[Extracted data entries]

■ ■ ■

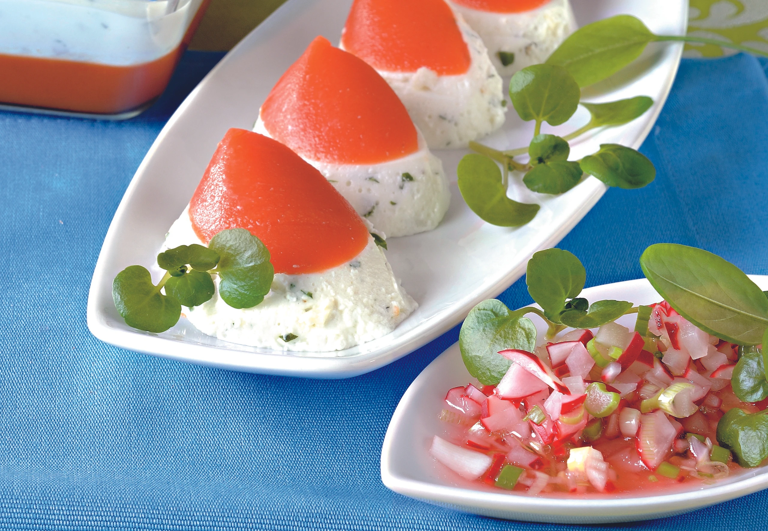 Rot-weiße Kräuter-Schafkäse-Joghurt-Mousse
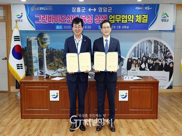 장흥군과 영암군이 그린바이오 천연물 산업 육성을 위한 상생 업무협약을 체결했다.
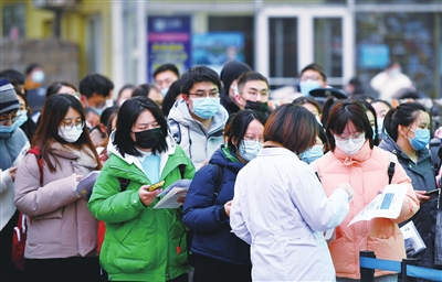 11月28日,中央机关及其直属机构2022年度考试录用公务员笔试开考,山西地区共497个职位,计划招录950人。图为太原十二中学校考点,考生有序进入考场。记者 邓寅明 摄
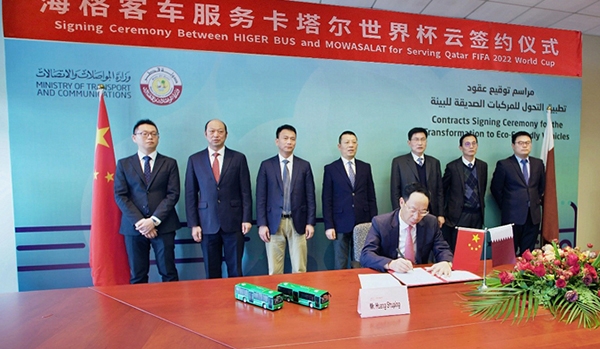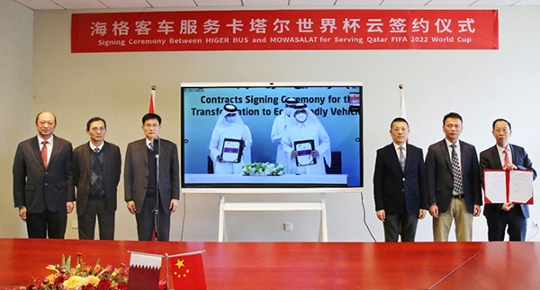 2020年11月30日,中國客車制造再次領(lǐng)舞世界,蘇州金龍海格客車服務(wù)卡塔爾世界杯云簽約儀式在卡塔爾首都多哈和中國蘇州同步舉行,海格客車1815臺(tái)大單成就中國大中型客車出口卡塔爾史上最大批量訂單,這也是2020年中國大中型客車出口的最大批量訂單。在國際疫情形勢嚴(yán)峻,國內(nèi)經(jīng)濟(jì)穩(wěn)步恢復(fù)的當(dāng)下,海格客車以漂亮的成績單,為國家“一帶一路”倡議再譜華章??ㄋ枃羞\(yùn)輸公司CEO法赫德與海格客車總經(jīng)理黃書平鄭重簽署協(xié)議,卡塔爾首相哈立德•阿勒薩尼,卡塔爾交通部部長賈西姆,中國駐卡塔爾大使周劍,使館經(jīng)商處參贊楊松,蘇州工業(yè)園區(qū)管委會(huì)副主任陳東安,創(chuàng)元集團(tuán)董事長劉春奇,蘇州金龍董事長陳篤廉、副總經(jīng)理邱遠(yuǎn)紅、海外銷售公司總經(jīng)理姜海峰等領(lǐng)導(dǎo)共同見證了這一重要時(shí)刻。
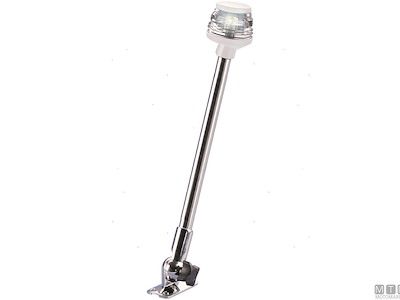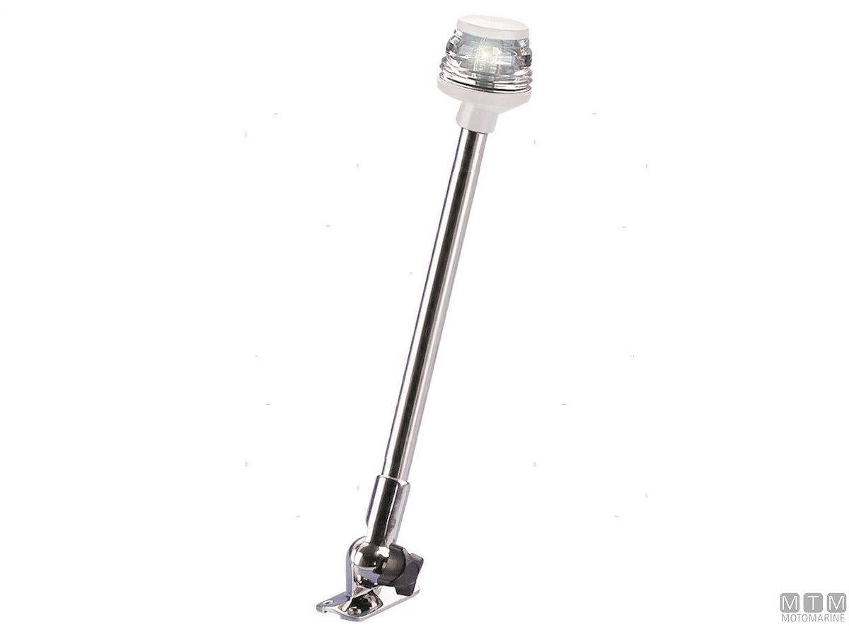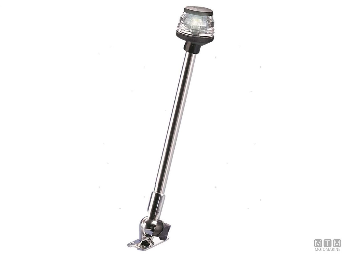 Fanali 360° LED 12/24V su asta pieghevole in Acciaio Inox con base piana. Protezione IP56. ↵Per imbarcazioni fino a 20 metri.

■ ■ ■

* **AIM OF THE EXERCISE**: Only the text of the records belongs in your answer, repeated exactly; the pictures stay out.

* **WRITTEN REPLY**:
 Rot-weiße Kräuter-Schafkäse-Joghurt-Mousse
 장흥군과 영암군이 그린바이오 천연물 산업 육성을 위한 상생 업무협약을 체결했다.
 11月28日,中央机关及其直属机构2022年度考试录用公务员笔试开考,山西地区共497个职位,计划招录950人。图为太原十二中学校考点,考生有序进入考场。记者 邓寅明 摄
 2020年11月30日,中國客車制造再次領(lǐng)舞世界,蘇州金龍海格客車服務(wù)卡塔爾世界杯云簽約儀式在卡塔爾首都多哈和中國蘇州同步舉行,海格客車1815臺(tái)大單成就中國大中型客車出口卡塔爾史上最大批量訂單,這也是2020年中國大中型客車出口的最大批量訂單。在國際疫情形勢嚴(yán)峻,國內(nèi)經(jīng)濟(jì)穩(wěn)步恢復(fù)的當(dāng)下,海格客車以漂亮的成績單,為國家“一帶一路”倡議再譜華章??ㄋ枃羞\(yùn)輸公司CEO法赫德與海格客車總經(jīng)理黃書平鄭重簽署協(xié)議,卡塔爾首相哈立德•阿勒薩尼,卡塔爾交通部部長賈西姆,中國駐卡塔爾大使周劍,使館經(jīng)商處參贊楊松,蘇州工業(yè)園區(qū)管委會(huì)副主任陳東安,創(chuàng)元集團(tuán)董事長劉春奇,蘇州金龍董事長陳篤廉、副總經(jīng)理邱遠(yuǎn)紅、海外銷售公司總經(jīng)理姜海峰等領(lǐng)導(dǎo)共同見證了這一重要時(shí)刻。
 Fanali 360° LED 12/24V su asta pieghevole in Acciaio Inox con base piana. Protezione IP56. ↵Per imbarcazioni fino a 20 metri.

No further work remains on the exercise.